Exercise description: The copy should hold exactly the lines below from the one that contains "深圳南山海岸城高端口腔轉(zhuǎn)讓 180平" through the one that contains "Đề học sinh" and nothing else, so no pictures.

═════ Extracted records

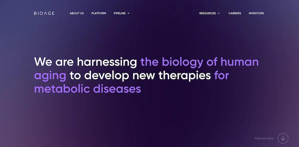 BioAge Labs’ homepage combines simplicity and sophistication with a purple background accented by similar shaded elements to reflect its focus on aging and metabolic health.
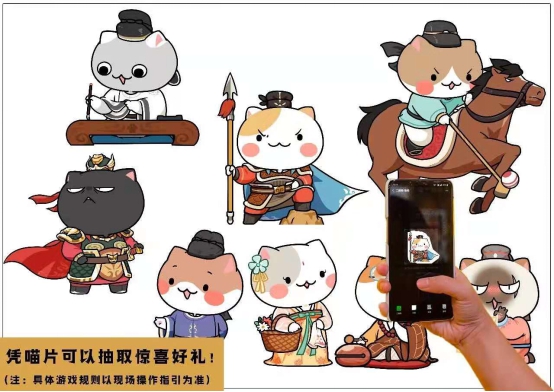 在參與欲旺盛的觀眾看來(lái),沒有互動(dòng)活動(dòng)的展覽是沒有靈魂的。為此,這次特展設(shè)置了三大互動(dòng)活動(dòng)。線上“尋找大唐喵”的游戲,可以通過H5掃一掃,重返大唐,尋找身邊大唐喵的痕跡;線下抓娃娃游戲,各款萌喵等你帶回家;夢(mèng)幻色彩濃厚的長(zhǎng)安市集,帶你感受大唐集市的繁榮,看到喜歡的東西還可以肆意買買買!三大活動(dòng)線上線下相結(jié)合,最大限度增強(qiáng)人們參與的積極性。
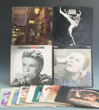 David Bowie - Eleven albums including Bowie And The Spiders From Mars Last Stand His Masters Voice (TAKRL1935) and The 1980 Floor Show (TAKRL1905) both appear VG/VG with plain white labels. Also Space Oddity, The Man Who Sold The World, Hunky Dory, Ziggy etc
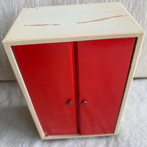 Charmerende gammelt dukkeskab med patina. 49 cm højt, 41 cm bred, 23 cm dyb. Lavet af træ malet hvid, med blomster på skyde låger. Der medfølger et par dukketøjs bøjler
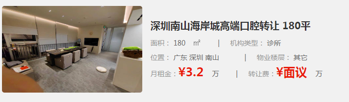 深圳南山海岸城高端口腔轉(zhuǎn)讓 180平
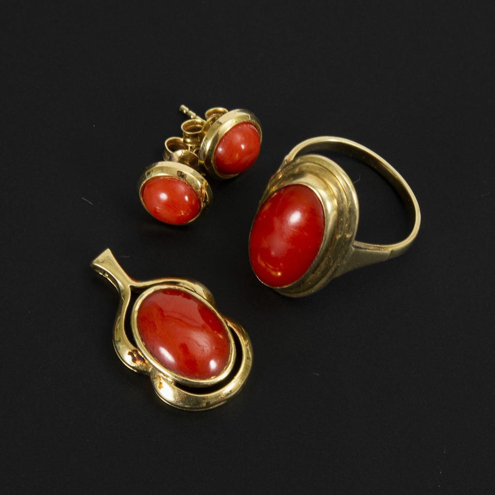 Anhänger, Ring und Ohrsteckerpaar mit zargengefassten Korallencabochons. Starre Öse, schmale Schiene und Steckmechanik.
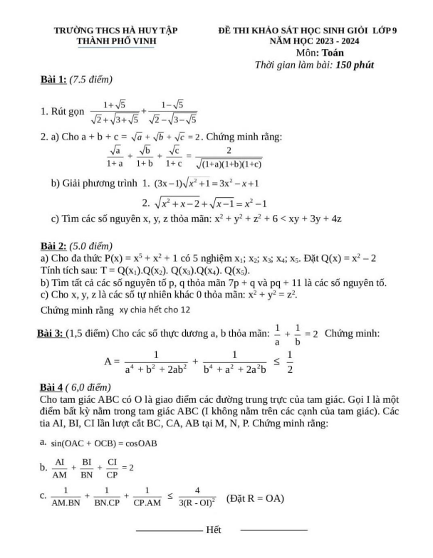 Đề học sinh giỏi Toán 9 năm 2023 – 2024 trường THCS Hà Huy Tập – Nghệ An
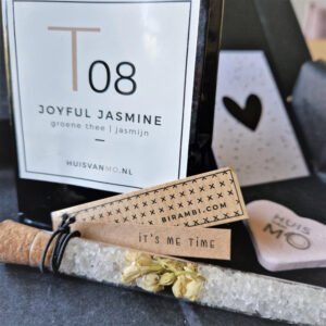 Wat er allemaal in zit? Om te beginnen 2 zakjes heerlijke Thee van ‘t HUIS namelijk T13 DOUBLE MINT FOR ME en T19 WHEN LIFE GIVES YOU LEMONS, 2 verrukkelijke repen chocola van Simply Chocolate, want chocola helpt altijd, een unieke beterschapskaart met een pakkende én passende tekst, een mooi zeepkoord en een klein zakje bloemzaadjes in de vorm van bloemetjes confetti. Daar groeien de mooiste bloemen uit.
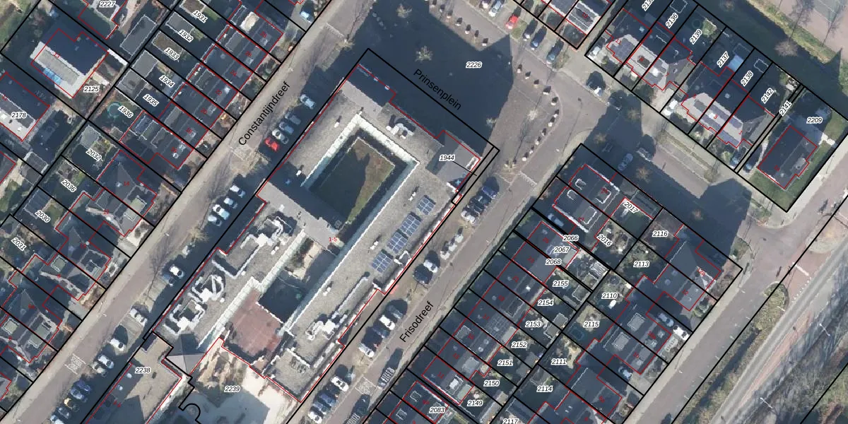 Het perceel waarop Prinsenplein 4-35 staat heeft een oppervlakte van 3520 m². Dit is een zeer groot perceel. De perceeloppervlakte wordt geregistreerd door het Kadaster. Gedetailleerde informatie over de maten van dit perceel kunt u vinden in het rapport Kadastrale kaart met maatvoering van Prinsenplein 4-35.
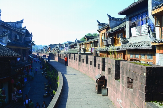 两山排闼,一水穿城。或许,这依山傍水的地理形势,正好成就了凤凰古城恰到好处的军事防御格局。从亭子关始,走进凤凰区域性防御体系,一路往东,辗转,折回,前行,忘却了一路上的艰辛。终于,在凤凰古城停下脚步,这座曾被称为“镇筸”的千年古城让人怦然心动———它是整个防御体系的核心。图为旧址上恢复重建的凤凰古城墙。
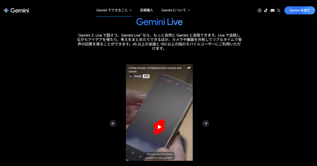 Gemini Liveは、音声でやり取りができる会話型AIです。文字を打つ必要がなく、話しかけるだけで会話ができます。
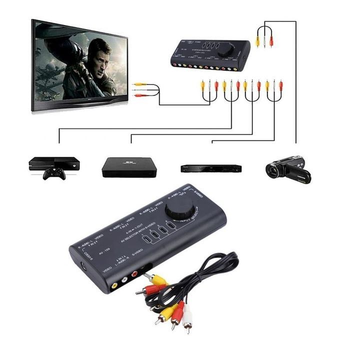 Easy installation and operation. No power supply and software drive needed. Light weight, portable size, easy to carry. Convenient switch control--just pull the switch point at the relative AV input 1, 2, 3, 4. You can switch 4-group AV audio-video signal input and 1-group output to the television, DVD, VCD, TV game, VCR station selector, satellite TV, cameras, etc.
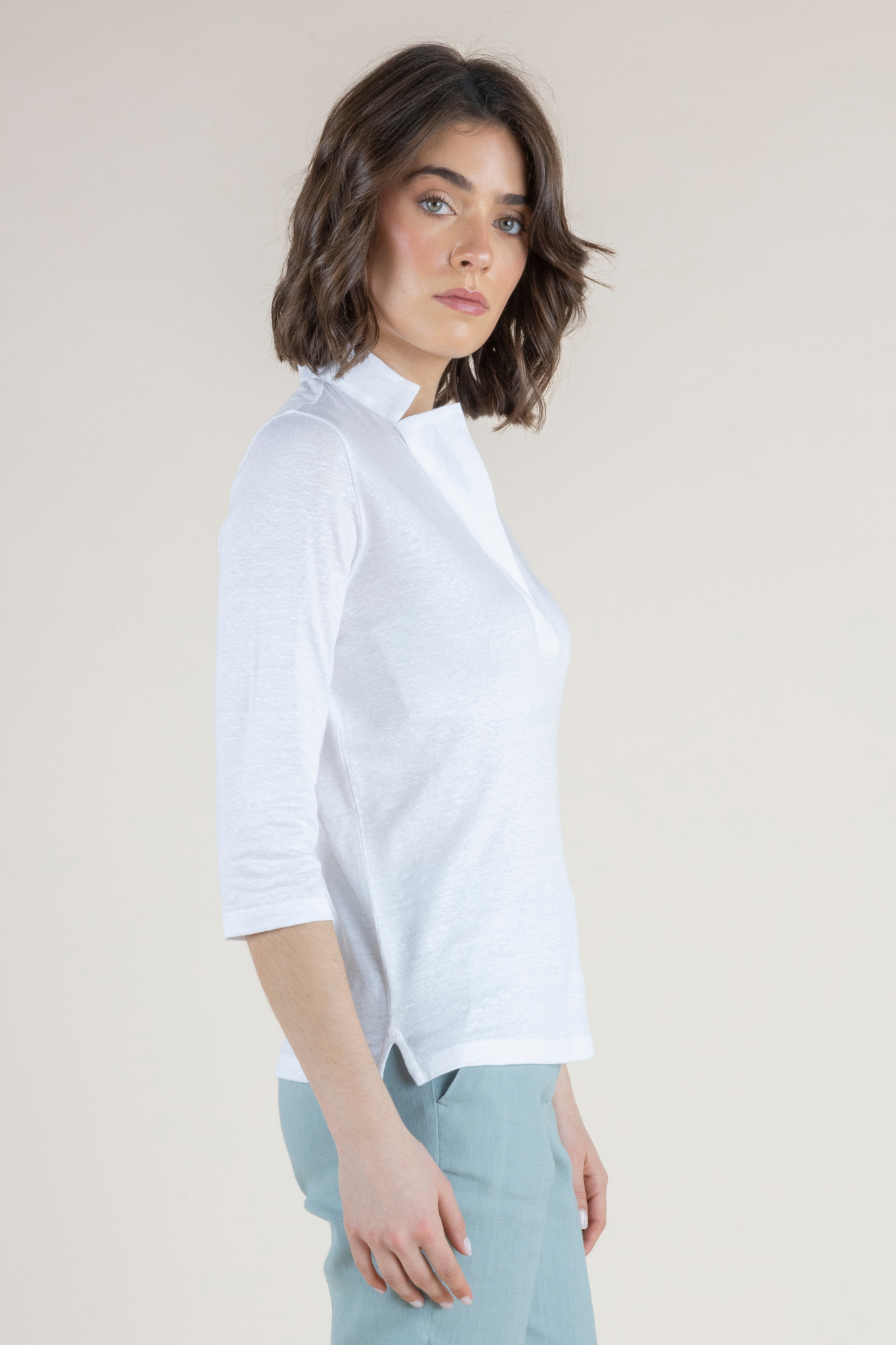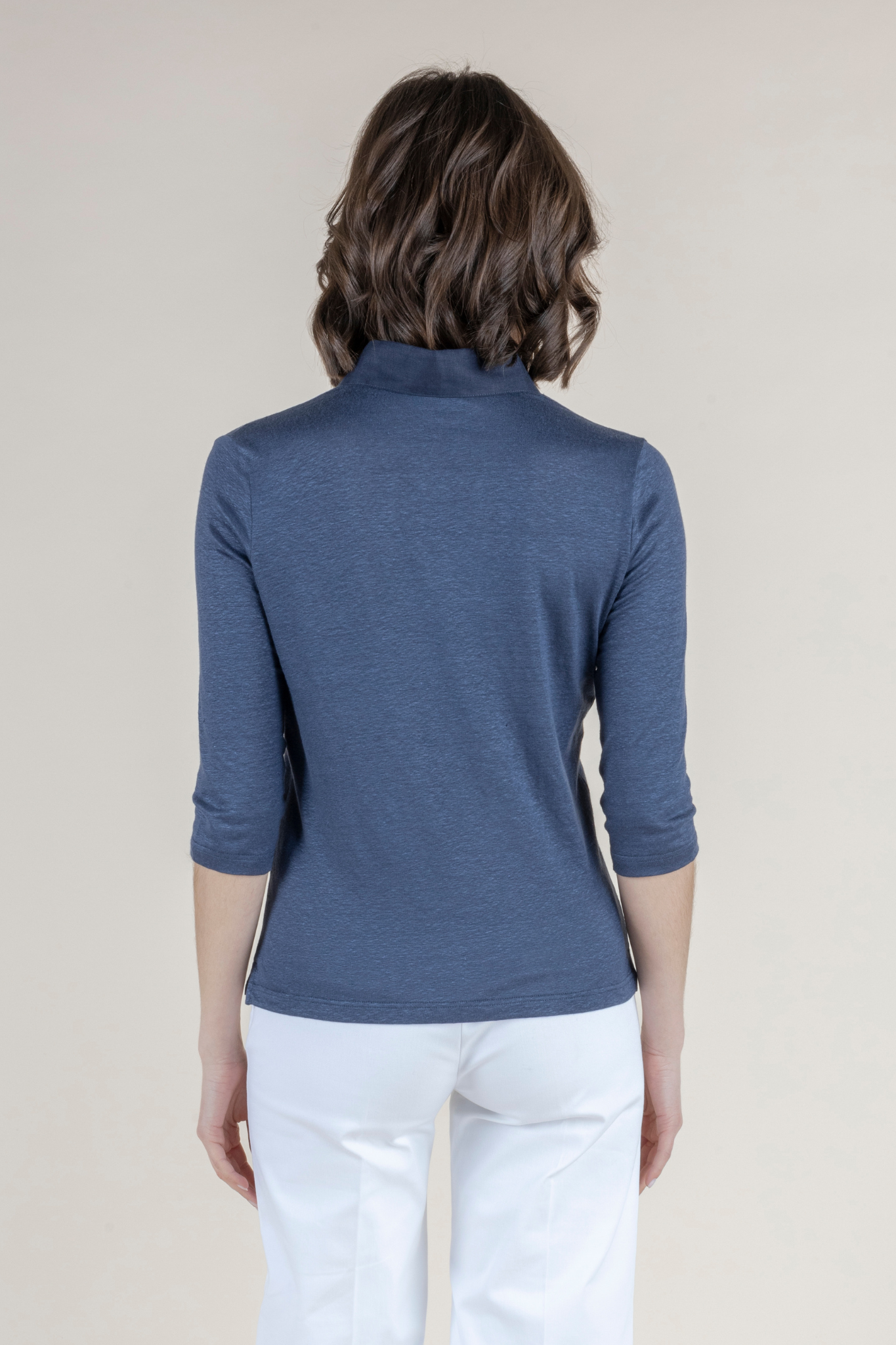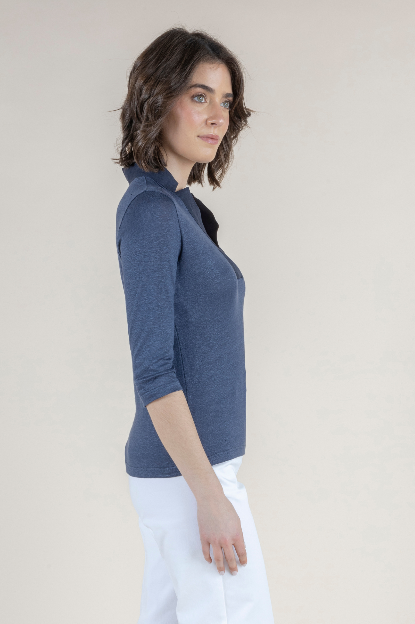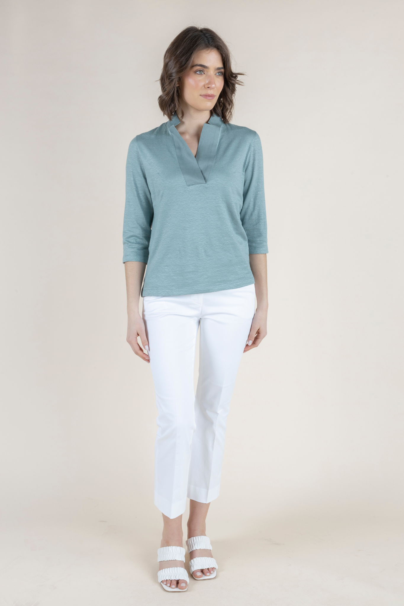 The Medaglia Top is a warm-weather essential that returns as a perennial best seller each spring and summer. Crafted from an airy linen blend with a touch of elastin, this top offers breathable comfort with gentle stretch, creating a silhouette that feels as good as it looks. Lightweight yet polished, it drapes beautifully on the body while maintaining its shape throughout the day. Designed with a flattering henley neckline and elegant three-quarter sleeves, the Medaglia Top strikes the perfect balance between relaxed and refined. Its versatile design makes it effortless to style—equally chic with tailored trousers, denim, or flowing skirts. Offered in a curated palette of Bianco, Timo (Thyme), Denim Chiaro, and Indaco (Indigo), each shade reflects the timeless sophistication and ease of Amina Rubinacci’s warm-weather collections. A true wardrobe staple, the Medaglia Top embodies Italian craftsmanship and everyday elegance, making it a piece you’ll reach for all season long

══════════

Your solution:
 深圳南山海岸城高端口腔轉(zhuǎn)讓 180平
 Anhänger, Ring und Ohrsteckerpaar mit zargengefassten Korallencabochons. Starre Öse, schmale Schiene und Steckmechanik.
 Đề học sinh giỏi Toán 9 năm 2023 – 2024 trường THCS Hà Huy Tập – Nghệ An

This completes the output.